In spite of promising speeches, G20 fails to make notable progress on climate change, experts say.
Leaders 'failed on climate progress'
In spite of promising speeches at the UN, leaders from the world's 20 biggest economies failed last week to confront hard decisions on limiting carbon pollution and helping poor countries adapt to global warming, experts said yesterday. A new international treaty on global warming, which will have far-reaching and opposing effects on the UAE's economy, is now far behind schedule, the senior UN climate official, Yvo de Boer, told Associated Press.
Negotiators hope to hammer out a final agreement in December in Copenhagen, and will meet again tomorrow in Bangkok. Group of 20 (G20) leaders of rich and developing economies put off a decision on how to fund poor nations' efforts to adapt to the harmful effects of climate change, such as droughts and flooding, and directed finance ministers from member states to present "a range of possible options for climate change financing" at their next meeting in November.
Although they agreed to end fossil fuel subsidies, which encourage greater carbon emissions, G20 leaders could not agree on the level of total emissions cuts required by industrialised countries, which are responsible for the bulk of reductions. Climate change advocates were quick to paint the meeting as a failure, saying political leaders needed to do more than promise action. "Overall, the Pittsburgh G20 summit represents a missed opportunity to move the ball forward on climate change," said Alden Meyer, the director of strategy and policy at the Union of Concerned Scientists, an American group that argues for significant carbon reductions.

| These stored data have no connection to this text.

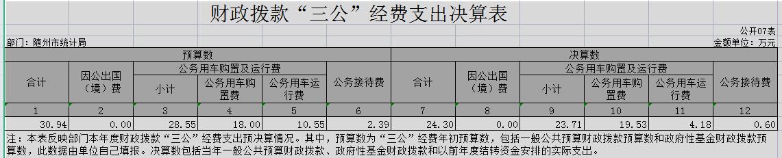 市統(tǒng)計局2018年財政撥款機關(guān)運行經(jīng)費59.14萬元,比上年33.87萬元增加74.6%。其中辦公費2.80萬元,比上年1.77萬元增加58.19% ;水電費2.94萬元,上年0元;郵電費0.79萬元,比上年0.29萬元增加172.41%;物業(yè)管理費0.12,上年0元;差旅費1.80萬元,比上年0.08萬元增加2150%;會議費0萬元,比上年0.11萬元減少100%;公務(wù)接待費0.6萬元,比上年0.98萬元減少38.78%;勞務(wù)費3.57萬元,比上年3.74萬元減少4.55%;公務(wù)用車運行維護費2.79萬元,比上年0.95萬元增加193.68%;其他交通費用0.0075萬元,比上年20.96萬元減少99.96%;其他商品和服務(wù)支出8.85萬元,比上年2.77萬元增加219.49%;辦公設(shè)備購置0.15萬元,比上年2.22萬元減少93.24%,公務(wù)用車購置19.53萬元,去年0元。增減原因:厲行節(jié)約,嚴(yán)格管理,大幅縮減了各項運行經(jīng)費開支,公務(wù)交通補貼不再計算在其他交通費用中,計算在人員經(jīng)費開支中,2018年新購置了公務(wù)用車,開展隨州市全國第四次經(jīng)濟普查相關(guān)辦公費、差旅費、公務(wù)用車費增加;職工工作餐開支計算在其他商品和服務(wù)支出。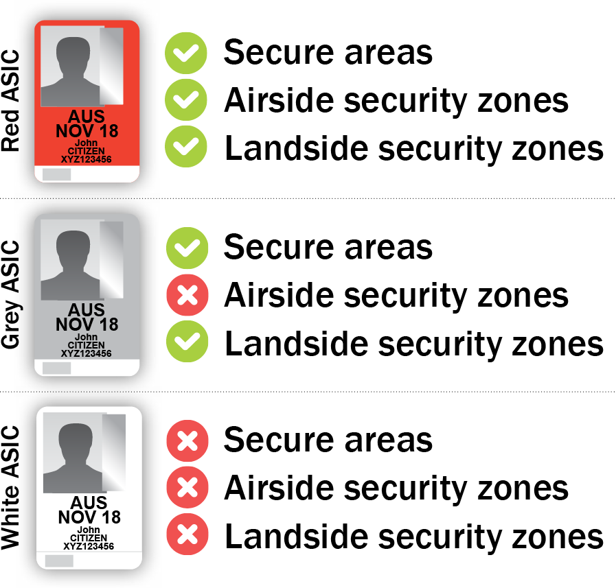 An ASIC is used to identify a person who has been the subject of a background check. A red or grey ASIC is required to obtain unescorted access to the secure areas (including the airside) of security controlled airports that have regular public transport (RPT) services. ASICs are valid for up to two years.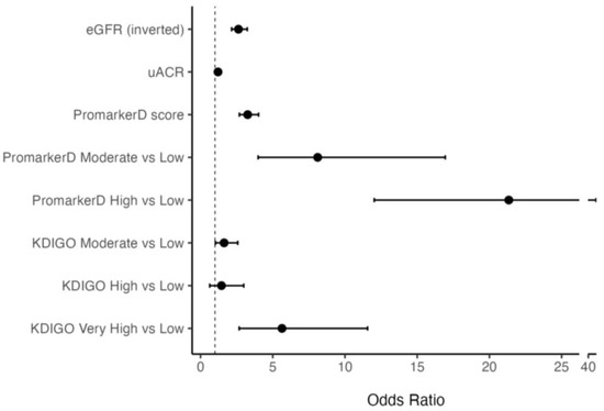 Higher PromarkerD scores were associated with greater odds of future renal function decline compared to eGFR and uACR (see Figure 2). Specifically, each 1 standard deviation (SD) increase in PromarkerD score was associated with an odds ratio (OR) of 3.26 (95% CI 2.69–4.02). The ORs per 1 SD increase for eGFR and uACR were lower at 2.63 (2.15–3.24) and 1.21 (1.04–1.42), respectively. Participants classified as moderate and high risk by PromarkerD had significantly higher odds of experiencing the primary study endpoint compared to those at low risk (OR 8.11 (3.99–16.94) and 21.34 (12.03–40.54), respectively, both p < 0.001). KDIGO risk categories showed variable and more modest degrees of association with the OR for moderate versus low risk at 1.86 (1.18–2.92), high versus low risk at 1.28 (0.51–2.81), and very high versus low risk at 6.70 (3.14–13.99).

"On the critical issue of funding for developing countries to deploy clean technologies, reduce deforestation, and adapt to the impacts of global warming, the G20 leaders didn't take the bold steps needed to break the current deadlock in climate negotiations." The type of emissions cuts agreed at Copenhagen will have significant effects on the UAE's economy, experts say, and have the potential to boost the fortunes of some industries even as it reduces global consumption of oil.
Although the country has historically taken a position similar to other OPEC states and resisted strict new limits on carbon, the economic and strategic rationale has changed dramatically in recent years, said Mari Luomi, an expert on Gulf climate change policy at the Finnish Institute of International Affairs in Helsinki. Important issues for the UAE include the new treaty's effect on world oil demand, its protections for energy intensive industry that is shifting from high-cost regions in Europe and the US to the Middle East and Asia, and its financial support for carbon capture and storage, a costly technology that has the potential to prolong the fossil fuel era while reducing carbon emissions.
"So far Abu Dhabi Government officials and business environmentalists have kept the very ambitious national climate change agenda that is currently developing in Abu Dhabi strictly apart from the negotiations at the international level," Ms Luomi said. "By playing both a supporting and visible role in the negotiations, the UAE would attract a lot of positive attention, which would then add international interest in the new alternative energy and technology projects taking place in Abu Dhabi."